Task item
Print word for word the first line of the listing below and every line after it, through the line with "根据《中华人民共和国民法典》". Leave out the pictures and the rest.

Data block

- - - - -

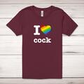I Love Cock Pride Adult T-Shirt A rude adult t-shirt with ""I Love Cockl" with a Pride rainbow heart" printed across the front of a 100% cotton* t-shirt. This rude t-shirt is great as a gift f...
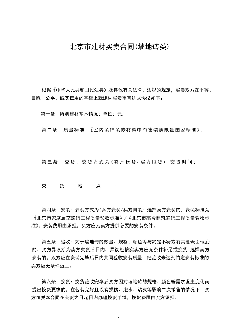 根据《中华人民共和国民法典》及其他有关法律、法规的规定,买卖双方在平等、自愿、公平、诚实信用的基础上就建材买卖事宜达成协议如下:
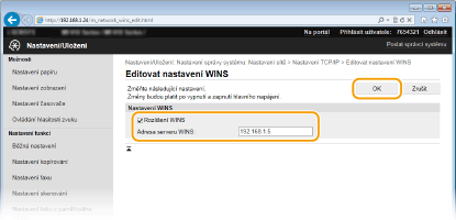 Pokud se IP adresa serveru WINS získává ze serveru DHCP, přepíše získaná IP adresa IP adresu zadanou v textovém poli [Adresa serveru WINS].

- - - - -

Written answer
I Love Cock Pride Adult T-Shirt A rude adult t-shirt with ""I Love Cockl" with a Pride rainbow heart" printed across the front of a 100% cotton* t-shirt. This rude t-shirt is great as a gift f...
 根据《中华人民共和国民法典》及其他有关法律、法规的规定,买卖双方在平等、自愿、公平、诚实信用的基础上就建材买卖事宜达成协议如下:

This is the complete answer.